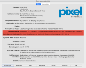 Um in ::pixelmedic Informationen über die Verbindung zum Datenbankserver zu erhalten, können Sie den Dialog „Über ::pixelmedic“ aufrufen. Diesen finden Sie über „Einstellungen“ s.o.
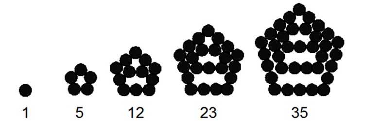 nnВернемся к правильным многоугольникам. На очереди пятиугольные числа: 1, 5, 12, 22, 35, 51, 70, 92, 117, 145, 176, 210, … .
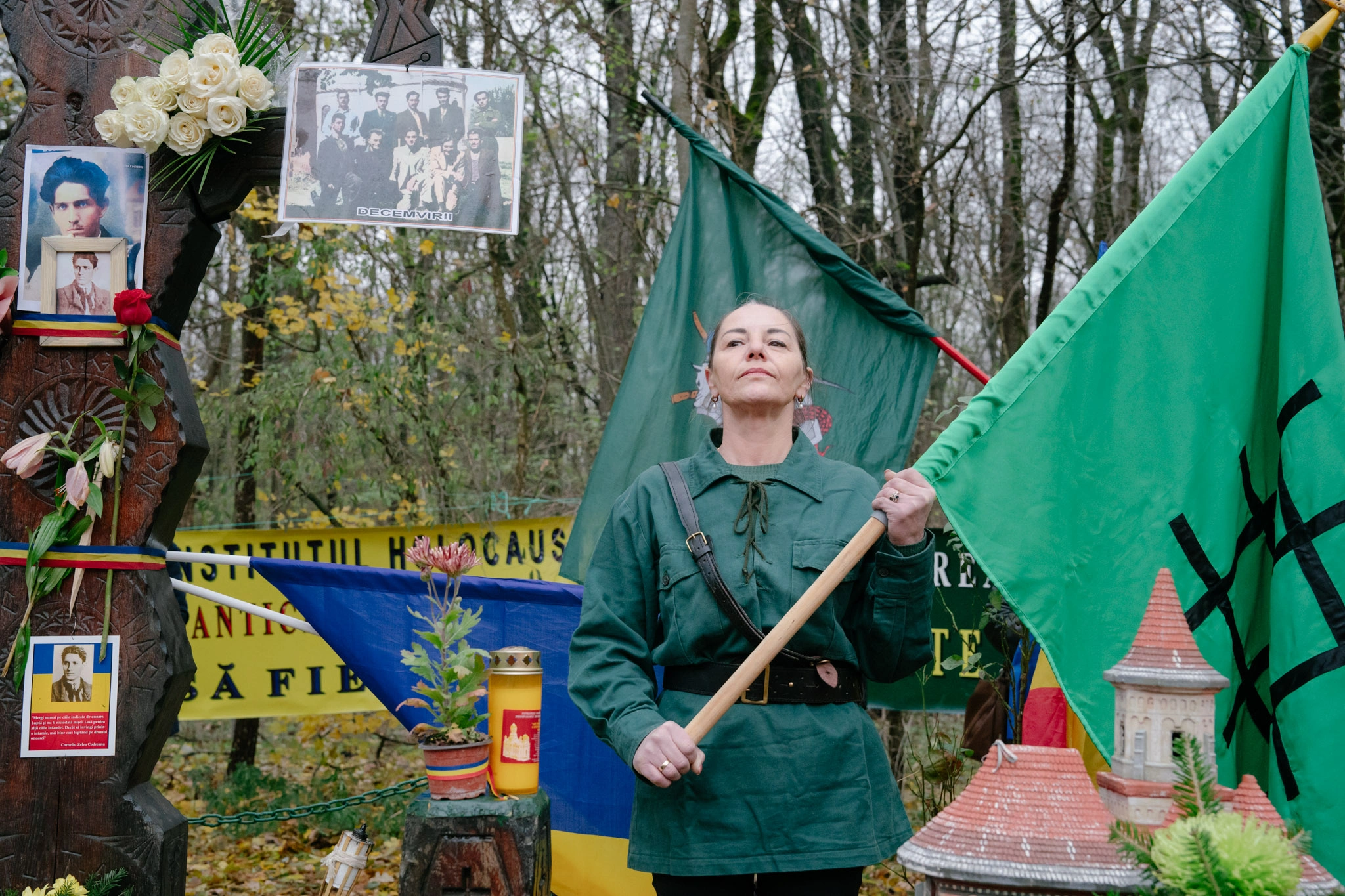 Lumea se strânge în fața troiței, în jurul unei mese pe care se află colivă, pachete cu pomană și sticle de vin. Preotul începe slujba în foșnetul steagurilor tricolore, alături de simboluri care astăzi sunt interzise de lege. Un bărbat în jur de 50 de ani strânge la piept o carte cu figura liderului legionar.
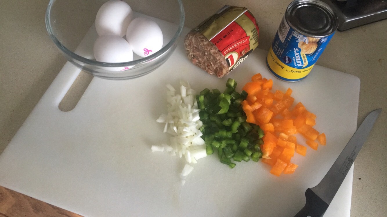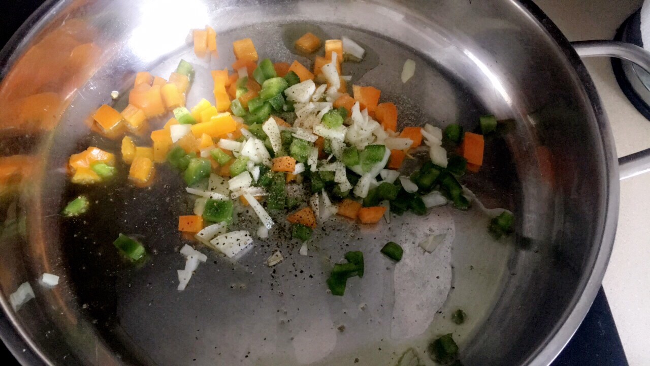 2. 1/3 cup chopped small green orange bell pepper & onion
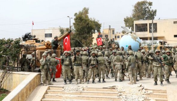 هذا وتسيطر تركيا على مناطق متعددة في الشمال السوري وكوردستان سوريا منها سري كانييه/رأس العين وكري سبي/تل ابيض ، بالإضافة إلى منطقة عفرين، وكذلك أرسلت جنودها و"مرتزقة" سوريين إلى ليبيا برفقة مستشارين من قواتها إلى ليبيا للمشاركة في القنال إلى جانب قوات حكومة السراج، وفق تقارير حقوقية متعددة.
::::
- [Required action]: Leave the pictures behind and transcribe every record above exactly.

- [Answer to this exercise]:
 Um in ::pixelmedic Informationen über die Verbindung zum Datenbankserver zu erhalten, können Sie den Dialog „Über ::pixelmedic“ aufrufen. Diesen finden Sie über „Einstellungen“ s.o.
 nnВернемся к правильным многоугольникам. На очереди пятиугольные числа: 1, 5, 12, 22, 35, 51, 70, 92, 117, 145, 176, 210, … .
 Lumea se strânge în fața troiței, în jurul unei mese pe care se află colivă, pachete cu pomană și sticle de vin. Preotul începe slujba în foșnetul steagurilor tricolore, alături de simboluri care astăzi sunt interzise de lege. Un bărbat în jur de 50 de ani strânge la piept o carte cu figura liderului legionar.
 2. 1/3 cup chopped small green orange bell pepper & onion
 هذا وتسيطر تركيا على مناطق متعددة في الشمال السوري وكوردستان سوريا منها سري كانييه/رأس العين وكري سبي/تل ابيض ، بالإضافة إلى منطقة عفرين، وكذلك أرسلت جنودها و"مرتزقة" سوريين إلى ليبيا برفقة مستشارين من قواتها إلى ليبيا للمشاركة في القنال إلى جانب قوات حكومة السراج، وفق تقارير حقوقية متعددة.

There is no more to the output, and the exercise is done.